I've been reading a book called Pre-Suasion by Robert Cialdini. He dropped a writing productivity tip he learned from a colleague which is to always stop in the middle of writing something so that the desire for resolution will pull you in and get you off to a quick start the next time you sit down to work. Humans crave resolution.
I do a similar thing with code. Walking away while my code doesn't compile or a test doesn't pass is the best because when I sit down the next day my attention is already focused where it needs to be. No time wasted trying to figure out where I left off or where I should start.
Interestingly, Hemingway was famous for doing this.
> When I am working on a book or a story I write every morning as soon after first light as possible. There is no one to disturb you and is it is cool and you come to your work and warm as you write. You read what you have writ- ten and, as you always stop when you know what is going to happen next, you go on from there. You write until you come to a place where you still have your juice and know what will happen next and you stop and try to live through until the next day when you hit again. You have started at six in the morning, say, and you may go on until noon or be through before that. When you stop you are as empty, and at the same time never empty but filling, as when you have made love to someone you love. Nothing can hurt you, nothing can hap- pen, nothing means anything until the next day when you do it again. It is the wait until the next day that is hard to get through.
If I walk away in the middle of an unsolved problem, it persists in the back of my mind and is mentally exhausting. I won't be able to sleep or let go of the problem; only potential solutions race around my mind.
However, if there is a clear boundary of work accomplished, I break the build with a simple syntax error and avoid thinking about the next task.

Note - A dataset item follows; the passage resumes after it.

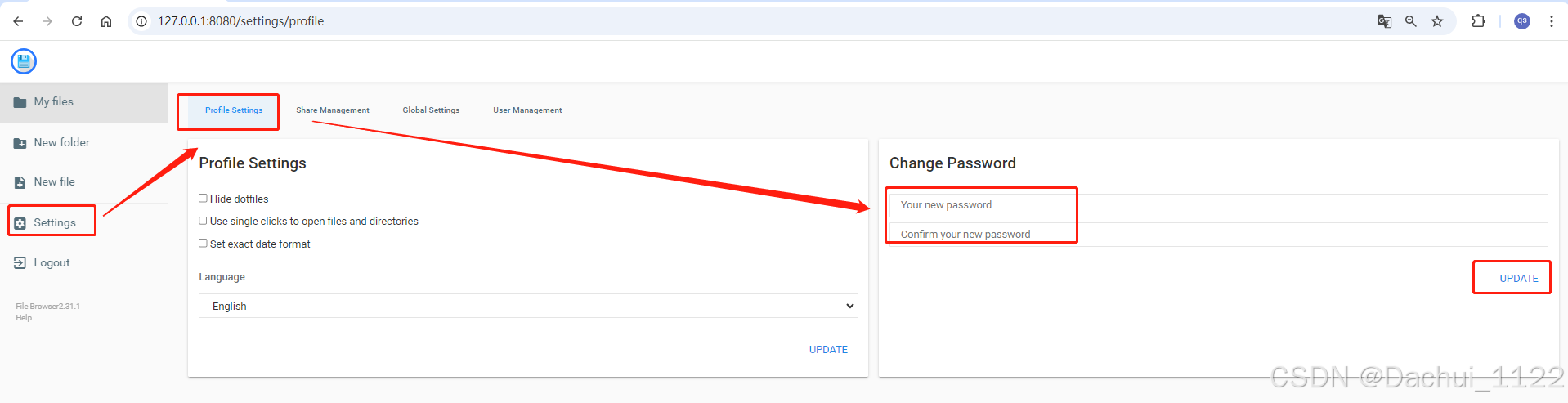 在 filebrowser 管理平台中,用户可以修改显示语言、默认密码、添加用户等

I can step away from work completely, without any lingering thoughts, and the next time I am back at it, the syntax error helps me jump in right where I left off.
I do this by literally writing, in plain (albeit sometimes colourful) text, what I was doing at the point I had to stop. Then when I come back to it later and hit build, the compiler reminds me where I left off.

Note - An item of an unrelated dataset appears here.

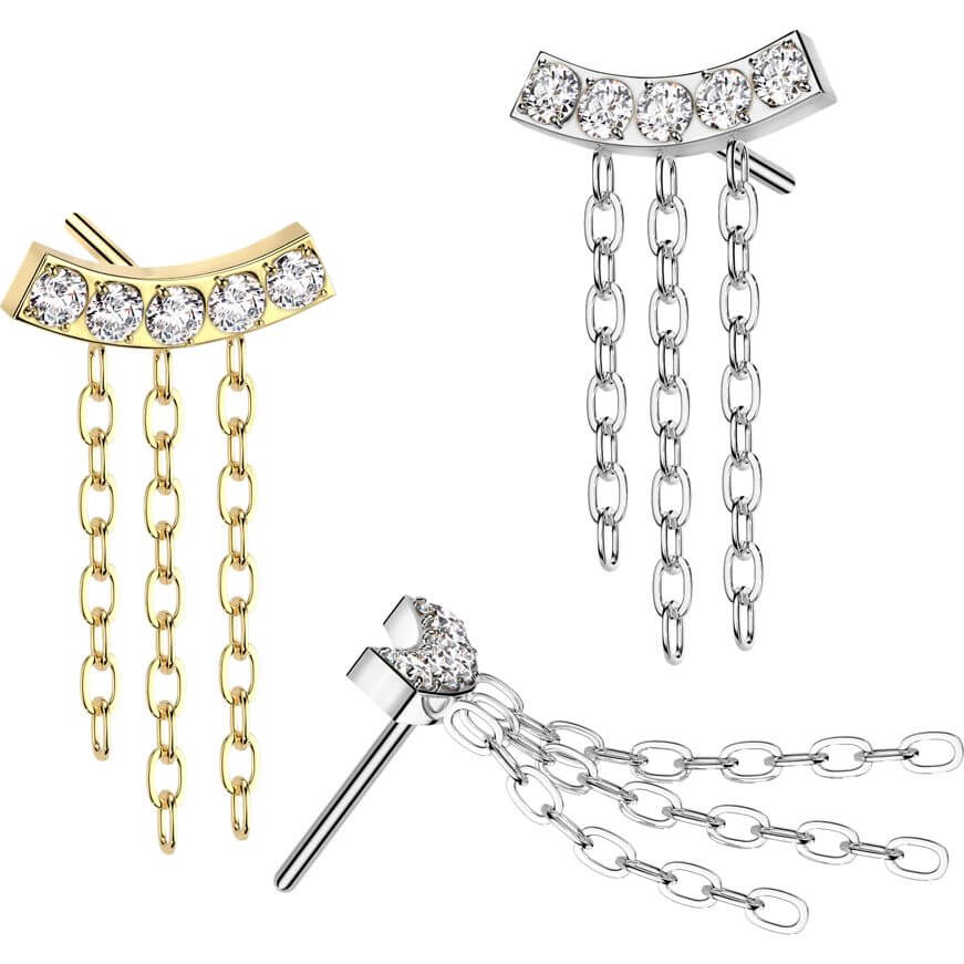 Titane Embout Triple Chaîne Pendentif Zircone Enfoncer

This is a tip in Clean Code also if I remember correctly. I have used it a lot to great success, start the day with the compile error you made the day before or unit test (dont check in)
Cool tool, I really like the idea and workflow it promotes!
Only question I have is about the content I write into your text box. Is it still mine? Is it private to everyone (even your servers)? Writing is a personal exercise and can be creatively rewarding, but only if you've got the confidence that it's still solely _your_ writing and that you control who can see it and when. The only privacy callout I see in your about section is regarding other users on the app not being able to see your content. A paragraph about what you do with the writing I put in your tool would help me not feel worried that I'm writing with someone over my shoulder who owns my words as I pen them.
Before you sign up, all of the data is saved in your browser. Technically you could use it like this indefinitely, but this is mostly for demo purposes, so some of the functionality won't be available (like sharing data across devices, email reminders, public profile page). Also if I will make significant changes to my database in the future, this may cause issues. So that's not the best solution.
In the future I'm planning to create a desktop app, that might be the perfect solution if you really don't want your data to leave your computer.
Meanwhile, I can promise you that I will never share your data with anyone. I'm not using extra sophisticated encryption or anything like that (that would be an overkill for a writing app), but I'm using Atlas [1] to store your data (they're really good and competent database as a service provider), and on my end I've made sure that nobody can read what you wrote without your password.
There's no such thing as flawless security I suppose, but I'm trying to follow the best practices, so unless you're writing a short story about your social security number falling in love with your credit card pin code, or a novelization of NSA's deepest darkest secrets, I wouldn't worry too much about this =)
I've just published a beta of my new app for writers, it is a simple tool meant to help you develop a daily writing habit, track your progress, and achieve your writing goals.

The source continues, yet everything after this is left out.